The Million Song Dataset(http://millionsongdataset.com/) will be used in this project. It consists of two dataset, 1 million songs and 1 million users. The dataset containing 55 features which we are going to extract some of these features and create our data models as follows:
- Songs(1M): <Track_id, title, song_id, release, artist_id, artist_name, artist_familiarity, artist_hotttnesss , year>
- Artists(44745): <artist_id>
- ArtistsSimilarity(2201916): <artist_id, artist_id>
- ArtistMBtags(24777): <artist_id, MBtags>
- MusicBrainzTags(2321): <MBtags>
- ArtistGenre(1109381): <artist_id, genre>
- Users(1M): <user_id, song_id, played_count>
The song dataset is accessible in two ways, by reading HDF5 hierarchical directories and SQLite database. The aforementioned data models can be created by using pandas and sqlite3 libraries with connecting to SQLite database. The models will be converted from pandas dataframe to pyspark datafram and data extrapolation and data pruning will be handled by pyspark library.
- Content-Based filtering
- Collaborative filtering(user-user)
The two algorithms we will use and compare are the Content-Based Filtering and the Collaborative Filtering. We will use the Content-Based Filtering to recommend music based on a user’s profile. For instance, we will recommend music with the same artist, album, genre and so on, such that we recommend music that has similar content. We will also use the Collaborative Filtering to recommend music based on similar users(user-user). For instance, recommending music from a user’s music history. Both of these algorithms will allow us to compare and analyze measure of success. (If the time allows we will implement Latent-Factor algorithm)

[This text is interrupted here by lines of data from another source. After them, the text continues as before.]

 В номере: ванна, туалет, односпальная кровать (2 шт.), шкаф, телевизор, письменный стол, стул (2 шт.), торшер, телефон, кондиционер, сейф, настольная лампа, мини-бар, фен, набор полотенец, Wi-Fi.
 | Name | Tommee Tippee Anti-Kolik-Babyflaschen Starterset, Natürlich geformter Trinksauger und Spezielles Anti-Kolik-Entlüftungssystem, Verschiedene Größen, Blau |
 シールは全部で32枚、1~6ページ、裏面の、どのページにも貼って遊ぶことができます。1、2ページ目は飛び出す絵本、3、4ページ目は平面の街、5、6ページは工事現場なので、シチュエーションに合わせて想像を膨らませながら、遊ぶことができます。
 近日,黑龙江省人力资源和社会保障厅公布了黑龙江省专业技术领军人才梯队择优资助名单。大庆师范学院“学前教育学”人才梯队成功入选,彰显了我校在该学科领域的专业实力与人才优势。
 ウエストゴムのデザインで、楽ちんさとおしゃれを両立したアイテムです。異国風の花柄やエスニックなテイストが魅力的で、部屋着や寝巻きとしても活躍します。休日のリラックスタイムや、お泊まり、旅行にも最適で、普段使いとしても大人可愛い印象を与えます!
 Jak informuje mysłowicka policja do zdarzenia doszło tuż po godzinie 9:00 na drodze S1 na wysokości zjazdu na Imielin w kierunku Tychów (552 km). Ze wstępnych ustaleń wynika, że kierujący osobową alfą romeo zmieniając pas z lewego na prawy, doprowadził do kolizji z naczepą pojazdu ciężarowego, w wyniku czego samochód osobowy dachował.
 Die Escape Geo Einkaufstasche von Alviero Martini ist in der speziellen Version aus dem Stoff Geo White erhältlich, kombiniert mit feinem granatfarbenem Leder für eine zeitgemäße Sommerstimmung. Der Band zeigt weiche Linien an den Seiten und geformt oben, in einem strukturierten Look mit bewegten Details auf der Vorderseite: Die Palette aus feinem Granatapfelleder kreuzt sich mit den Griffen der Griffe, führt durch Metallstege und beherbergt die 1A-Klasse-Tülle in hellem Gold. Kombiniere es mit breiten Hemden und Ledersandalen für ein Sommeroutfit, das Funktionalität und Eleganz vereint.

In Content-based techniques:
- What genre, song, artist or album would a user prefer to be recommended based on user profile?
- How to find an appropriate feature to be considered in recommendation?

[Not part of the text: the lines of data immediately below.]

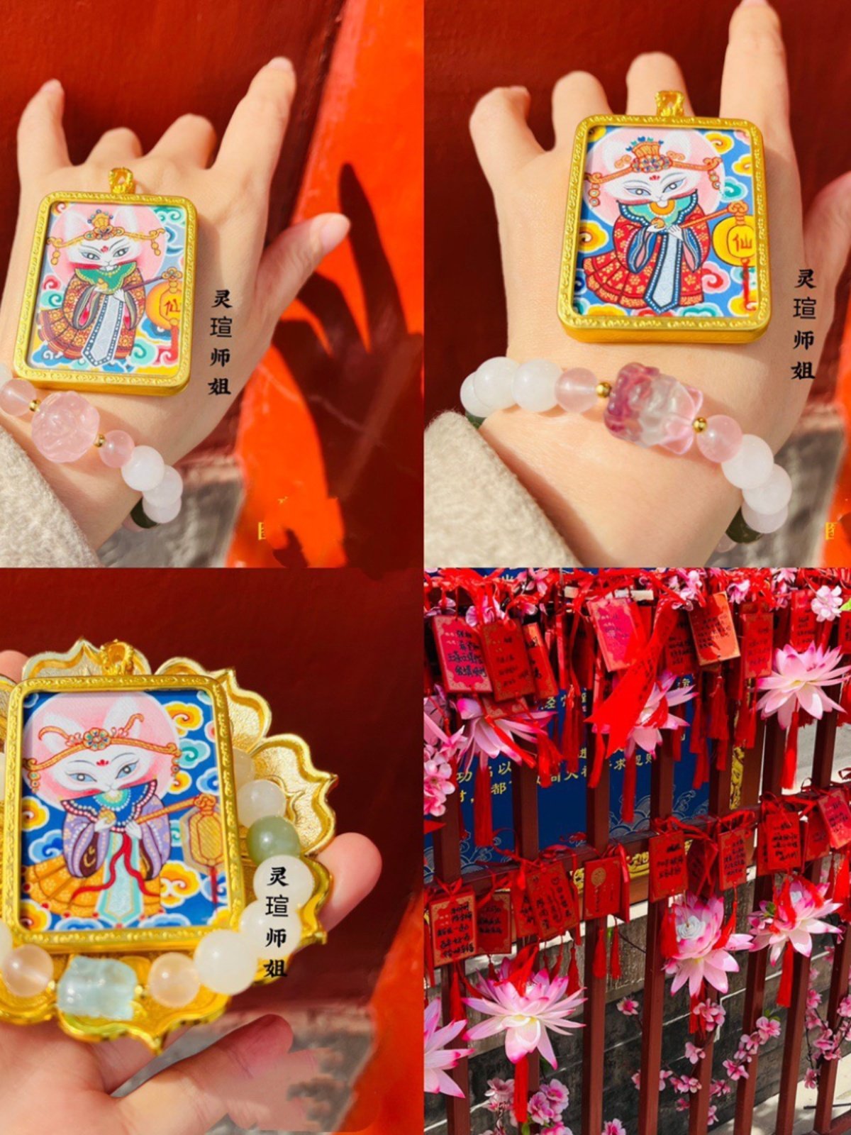Sister Lingxuan|Hetian White Jade Strawberry Crystal Nine-Tailed Fox Bracelet for Women, Peach Blossom Bracelet, Original Gift, Thangka
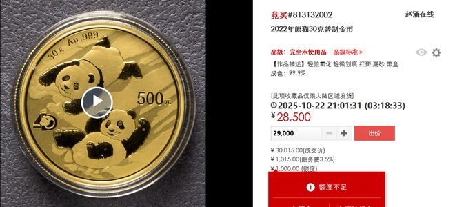 10月22日的黄金市场风云涌动,早盘一度跌到4004.46美元/盎司的低位,虽说后来有所反弹,但单日震荡幅度超100美元,把不少纯黄金投资者惊出一身冷汗。 更值得关注的是,同日多款料价币的竞拍结果,和咱们平时买的金饰比起来,投资优势一下子就凸显出来了。先给大家报组最新价:今天国内实时金价是941元/克,而周大福、六福等品牌金饰克价还在1235元,老凤祥也有1229元,金饰比原料价足足高了近300元/克。反观几款料价币的竞拍价,几乎是贴着黄金原料价走,这样的性价比可不是金饰能比的。 来看看具体的例子。2022年熊猫30克普制金币,今天竞拍最终以28500元成交。按照941元/克的实时金价计算,这枚金币的黄金原料价值是30×941=28230元,竞拍价仅比原料价高出270元,溢价还不到1%。如果换成购买同等克重的品牌金饰,按1235元/克计算,需要支付30×1235=37050元,比这枚金币足足贵了8550元! 熊猫金币大家都熟悉,是国家法定货币,纯度有保障,而且普制币流通性好,想出手的时候很方便。对咱们中年朋友来说,这种“几乎不花溢价”就能拿到的黄金藏品,既保住了黄金的避险属性,又多了层藏品的增值空间,比买溢价虚高的金饰划算太多。
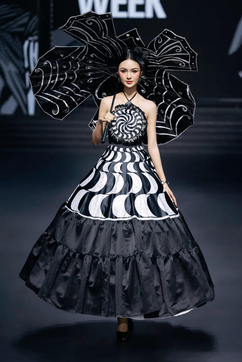 BST mang đến loạt thiết kế ứng dụng kỹ thuật hiện đại như in chuyển nhiệt, dựng phom 3D, cut-outm đính kết thủ công. Bảng màu đen – trắng – đỏ – vàng cùng những chất liệu như taffeta gấm, organza, lông nhân tạo tạo hiệu ứng thị giác mạnh mẽ. Mỗi trang phục là một lớp “ảo ảnh” chồng lớp, mô phỏng sự giằng xé, đối đầu và hồi sinh – như hành trình vượt giới hạn của NTK.
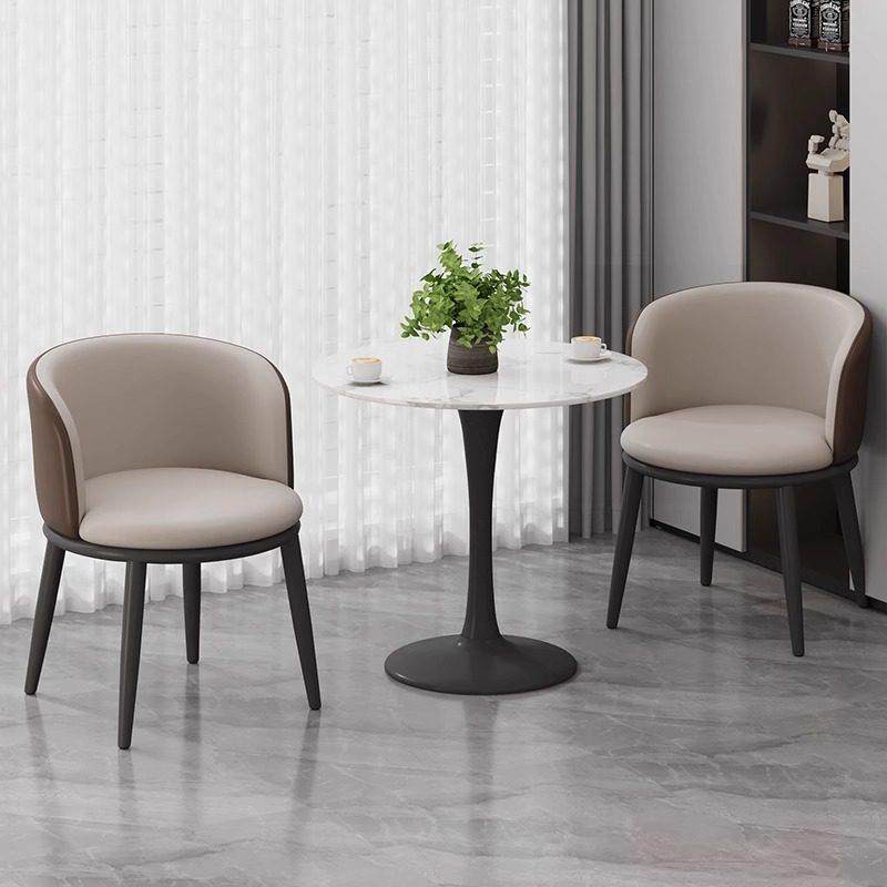 意式极简灰色岩板小圆桌茶几轻奢售楼处4S店商务接待洽谈桌椅组合
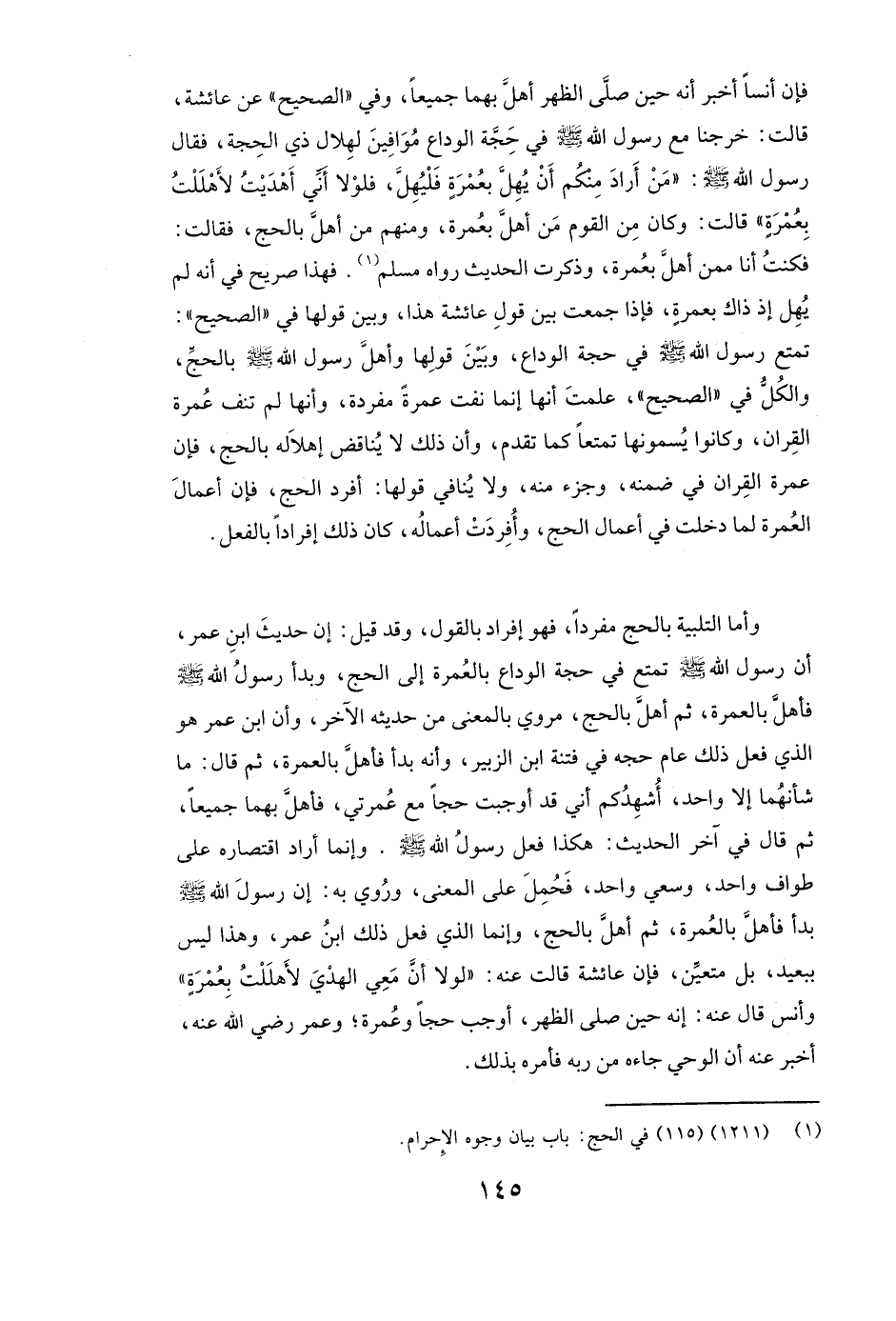 وَأَمَّا التَّلْبِيَةُ بِالْحَجِّ مُفْرَدًا، فَهُوَ إِفْرَادٌ بِالْقَوْلِ، وَقَدْ قِيلَ: إِنَّ حَدِيثَ ابْنِ عُمَرَ، «أَنَّ رَسُولَ اللَّهِ - صَلَّى اللَّهُ عَلَيْهِ وَسَلَّمَ - تَمَتَّعَ فِي حَجَّةِ الْوَدَاعِ بِالْعُمْرَةِ إِلَى الْحَجِّ، وَبَدَأَ رَسُولُ اللَّهِ - صَلَّى اللَّهُ عَلَيْهِ وَسَلَّمَ - فَأَهَلَّ بِالْعُمْرَةِ، ثُمَّ أَهَلَّ بِالْحَجِّ» ، مَرْوِيٌّ بِالْمَعْنَى مِنْ حَدِيثِهِ الْآخَرِ، وَأَنَّ ابْنَ عُمَرَ هُوَ الَّذِي فَعَلَ ذَلِكَ عَامَ حَجِّهِ فِي فِتْنَةِ ابن الزبير، وَأَنَّهُ بَدَأَ فَأَهَلَّ بِالْعُمْرَةِ، ثُمَّ قَالَ: مَا شَأْنُهُمَا إِلَّا وَاحِدٌ، أُشْهِدُكُمْ أَنِّي قَدْ أَوْجَبْتُ حَجًّا مَعَ عُمْرَتِي، فَأَهَلَّ بِهِمَا جَمِيعًا، ثُمَّ قَالَ فِي آخِرِ الْحَدِيثِ: هَكَذَا فَعَلَ رَسُولُ اللَّهِ صَلَّى اللَّهُ عَلَيْهِ وَسَلَّمَ. وَإِنَّمَا أَرَادَ اقْتِصَارَهُ عَلَى طَوَافٍ وَاحِدٍ، وَسَعْيٍ وَاحِدٍ، فَحُمِلَ عَلَى الْمَعْنَى، وَرُوِيَ بِهِ: إِنَّ رَسُولَ اللَّهِ صَلَّى اللَّهُ عَلَيْهِ وَسَلَّمَ بَدَأَ فَأَهَلَّ بِالْعُمْرَةِ، ثُمَّ أَهَلَّ بِالْحَجِّ، وَإِنَّمَا الَّذِي فَعَلَ ذَلِكَ ابْنُ عُمَرَ، وَهَذَا لَيْسَ بِبَعِيدٍ، بَلْ مُتَعَيَّنٌ، فَإِنَّ عائشة قَالَتْ عَنْهُ: " «لَوْلَا أَنَّ مَعِيَ الْهَدْيَ لَأَهْلَلْتُ بِعُمْرَةٍ» " وأنس قَالَ عَنْهُ: إِنَّهُ حِينَ صَلَّى الظُّهْرَ، أَوْجَبَ حَجًّا وَعُمْرَةً؛ وعمر رَضِيَ اللَّهُ عَنْهُ أَخْبَرَ عَنْهُ أَنَّ الْوَحْيَ جَاءَهُ مِنْ رَبِّهِ فَأَمَرَهُ بِذَلِكَ.

In collaborative techniques:
- How can we use the data set to identify users with similar musical preferences?
- How can features be linked with patterns in users' listening behaviour? (How similar users will be found)
- How can we personalise next-track music recommendations by extracting long-term preference signals from users' long-term listening behaviour, such as favourite songs or favourite artists?
- How to handle the cold-start issue?
Prediction accuracy is generally independent of the user interface and can be estimated offline by implementing different supervised machine learning evaluation metrics. In this part, the different algorithms could be compared. The metrics give insight into how relevant the list of recommended items is. K is chosen as the top number of recommended documents.
- Precision(P@k): the percentage of relevant documents among the top-k documents.
- Recall@k : the percentage of the relevant documents that are succesfully recommended.
- Average precision(Ap@K): the mean of AP@i for i = 1, ..., K.
- Mean average precision(MAP@K): the mean of Ap@K where i = 1, ..., K.
- Personalization (average cosine similarity): gives the dissimilarity between users' lists of recommendations
- pyspark
- pandas
- numPy
- sqlite3
- sklearn
- matplotlib
- seaborn
- h5py
- pytables